A: Peki üniversitede okurken sporcu olmak kolay mıydı? A: Was it easy to be an athlete while studying at university? Ne gibi zorluklarla karşılaştınız? What difficulties did you encounter?

B: Olabildiğince zor çünkü güzel sanatlar fakültesinde okuduğunuz için akşama kadar eğitim alıyorsunuz ve uygulamalı bir eğitim ve akşamları antrenmanlar oluyordu. B: It is as difficult as it can be, because you are studying at the faculty of fine arts, you study until the evening and there was a hands-on training and practice in the evenings. Hem fiziken yorgunsunuz, ordan ve Beytepe kampüsü Ankara’nın olabildiğince dışında, şehrin dışında bir yerdeydi, ordan Ankara’nın merkezine gidip Besides, you are physically tired, and the Beytepe campus was outside of Ankara as far as possible, outside the city.

A: Eve ulaşmak... A: Reaching home...

B: Spor salonuna ulaşmak hele ki farklı farklı yerlerde bu her zaman aynı yerde antrenman yapılmadığı için klubün sağladığı yer değişken oluyordu. B: Reaching the gym, especially in different places, it was not always the same place, so the place provided by the club was variable. Dolayısıyla ulaşım zor oluyordu. Therefore, transportation was difficult.

A: (soru duyulmuyor) A: (question not heard)
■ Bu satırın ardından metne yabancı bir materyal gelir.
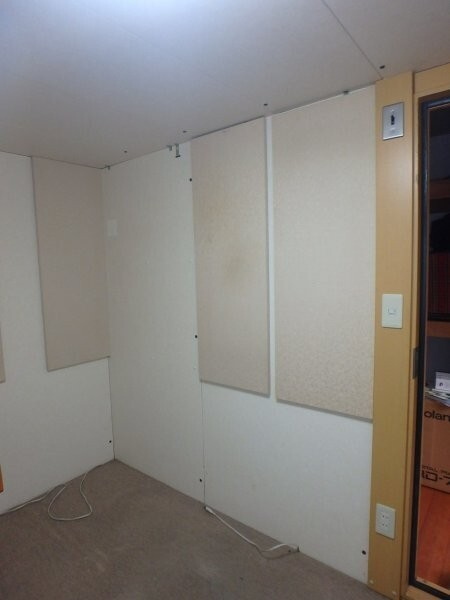 | 仕様 | 床:底床+遮音床パネル+厚床パネル・カーペット仕上げ 壁:遮音壁パネル 非塩ビ無機質クロス(ホワイト系) 天井:遮音天井パネル 非塩ビ無機質クロス(ホワイト系) 非塩ビ木口化粧仕上げ(木目調) ドア:木製防音ドア(透明ガラス窓付き)・表面:強化化粧紙仕上げ(木目調)・木口:非塩ビ木口化粧仕上げ(木目調) 装備:照明・換気扇・2口コンセント・音場パネル |

B: Hayır. B: No. Yalnızca derslerden izin alabiliyordunuz turnuvalarda ya da maçlarda her hangi bir destek yoktu. You could only get permission from classes, there was no support in tournaments or matches. Formanızı veriyordu o da destek değil. He was giving your jersey and that's not support. Mecburen yani onu kendimiz kişisel karşılayamayacağımıza göre I mean, since we can't take him personally

A: Peki bu voleybol oynamanız için size çevreden, ailenizden destek geldi mi? A: Did you receive support from your environment and family for this volleyball game? Yardımcı oldular mı? Did they help?

B: Hayır. B: No. Tek desteği kendimde buldum. I found the only support in myself. İçimden bunu çok yapmayı istediğim için devam ediyordum. I kept going because I wanted to do this so much in my heart. Anne-baba daha çok baba çok karşı çıktı ama ben karşı çıkmasına rağmen sürdürdüm çünkü canım istiyordu istediğim şey yapmak istiyordum. Parents and fathers were more against it, but I continued despite their opposition because I wanted to do what I wanted. Ta ki spor beni bırakana kadar ben sporu bırakmadım. I did not quit sports until sports left me. İş hayatıyla zaten birlikte gitmedi çünkü iş hayatının sorumluluğu öğrencilikle aynı değil bambaşka. He did not go with business life anyway because the responsibility of business life is not the same as being a student.

A: Peki çok teşekkür ediyorum. A: Well, thank you very much.

B: Rica ediyorum. B: You're welcome.